**EXTRACTED MATERIAL:**
━━━━━━━━━━━━━━━━━━━━━━━━━━━━━━
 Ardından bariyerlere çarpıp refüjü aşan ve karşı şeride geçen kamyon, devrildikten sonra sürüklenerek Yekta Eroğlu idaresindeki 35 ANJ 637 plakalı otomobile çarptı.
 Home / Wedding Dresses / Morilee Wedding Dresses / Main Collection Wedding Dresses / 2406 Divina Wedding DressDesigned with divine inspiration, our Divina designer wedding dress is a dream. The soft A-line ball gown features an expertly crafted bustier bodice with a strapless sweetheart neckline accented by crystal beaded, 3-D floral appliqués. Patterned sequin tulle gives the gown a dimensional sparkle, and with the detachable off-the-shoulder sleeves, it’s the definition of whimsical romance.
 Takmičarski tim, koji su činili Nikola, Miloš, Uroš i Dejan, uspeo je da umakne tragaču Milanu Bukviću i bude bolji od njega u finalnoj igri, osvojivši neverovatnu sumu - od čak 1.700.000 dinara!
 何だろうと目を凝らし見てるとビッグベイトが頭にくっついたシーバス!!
━━━━━━━━━━━━━━━━━━━━━━━━━━━━━━
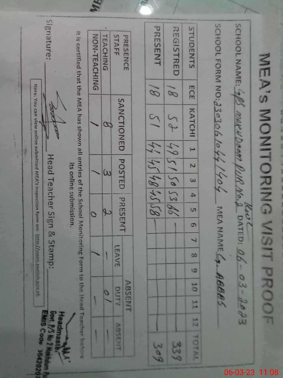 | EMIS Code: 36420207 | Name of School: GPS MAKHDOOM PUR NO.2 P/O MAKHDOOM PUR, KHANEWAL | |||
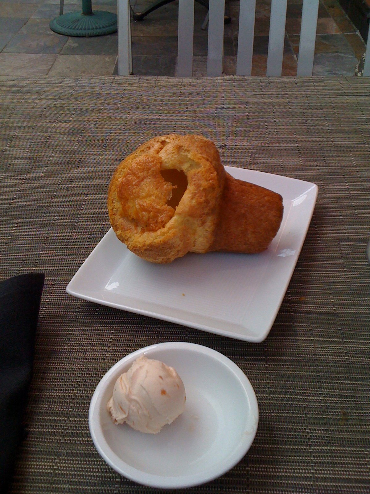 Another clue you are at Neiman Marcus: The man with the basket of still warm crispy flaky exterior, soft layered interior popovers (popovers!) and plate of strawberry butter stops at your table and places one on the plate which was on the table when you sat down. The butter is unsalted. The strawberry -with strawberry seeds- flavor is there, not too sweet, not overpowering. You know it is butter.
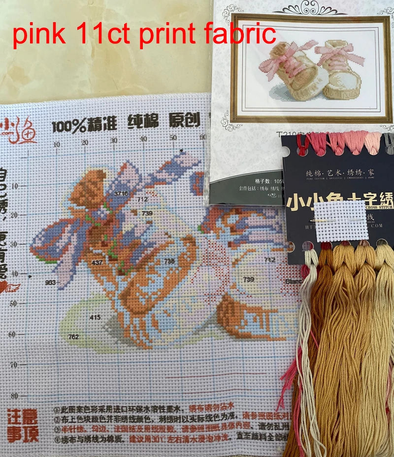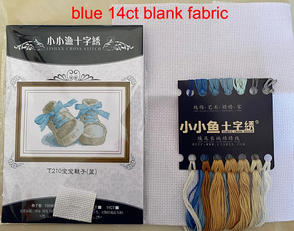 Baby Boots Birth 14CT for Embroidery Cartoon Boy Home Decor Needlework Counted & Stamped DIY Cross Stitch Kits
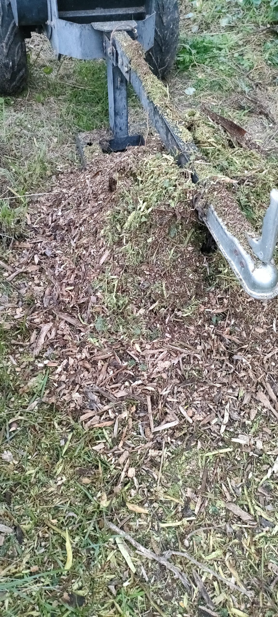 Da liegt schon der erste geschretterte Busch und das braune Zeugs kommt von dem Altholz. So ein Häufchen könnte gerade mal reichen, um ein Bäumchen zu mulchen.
━━━━━━━━━━━━━━━━━━━━━━━━━━━━━━
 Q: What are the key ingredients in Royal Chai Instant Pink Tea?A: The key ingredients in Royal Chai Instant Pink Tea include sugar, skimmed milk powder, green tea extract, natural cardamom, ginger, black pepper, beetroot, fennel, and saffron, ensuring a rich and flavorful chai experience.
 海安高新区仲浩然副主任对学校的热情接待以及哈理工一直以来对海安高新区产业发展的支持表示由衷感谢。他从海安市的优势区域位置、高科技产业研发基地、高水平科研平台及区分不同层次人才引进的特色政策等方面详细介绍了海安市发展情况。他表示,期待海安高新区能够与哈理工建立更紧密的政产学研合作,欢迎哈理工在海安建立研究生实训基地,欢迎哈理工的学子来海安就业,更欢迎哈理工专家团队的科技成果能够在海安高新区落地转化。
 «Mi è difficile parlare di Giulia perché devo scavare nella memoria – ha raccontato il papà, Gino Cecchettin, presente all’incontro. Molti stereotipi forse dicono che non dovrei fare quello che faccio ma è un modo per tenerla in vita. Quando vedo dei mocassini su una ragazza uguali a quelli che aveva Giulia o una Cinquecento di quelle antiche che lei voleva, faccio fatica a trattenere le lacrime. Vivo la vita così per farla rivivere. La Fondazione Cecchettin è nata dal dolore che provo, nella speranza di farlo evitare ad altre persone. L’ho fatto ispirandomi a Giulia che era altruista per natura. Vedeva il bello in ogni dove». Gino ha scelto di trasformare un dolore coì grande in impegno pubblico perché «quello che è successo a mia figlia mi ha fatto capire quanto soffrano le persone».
━━━━━━━━━━━━━━━━━━━━━━━━━━━━━━
**WHAT TO DO:**
Would you print exactly and only the lines of the material above that run from the line with "Home / Wedding" through the line with "何だろうと目を凝らし見てるとビッグベイトが頭にくっついたシーバス!!", both included?

**RESULT:**
 Home / Wedding Dresses / Morilee Wedding Dresses / Main Collection Wedding Dresses / 2406 Divina Wedding DressDesigned with divine inspiration, our Divina designer wedding dress is a dream. The soft A-line ball gown features an expertly crafted bustier bodice with a strapless sweetheart neckline accented by crystal beaded, 3-D floral appliqués. Patterned sequin tulle gives the gown a dimensional sparkle, and with the detachable off-the-shoulder sleeves, it’s the definition of whimsical romance.
 Takmičarski tim, koji su činili Nikola, Miloš, Uroš i Dejan, uspeo je da umakne tragaču Milanu Bukviću i bude bolji od njega u finalnoj igri, osvojivši neverovatnu sumu - od čak 1.700.000 dinara!
 何だろうと目を凝らし見てるとビッグベイトが頭にくっついたシーバス!!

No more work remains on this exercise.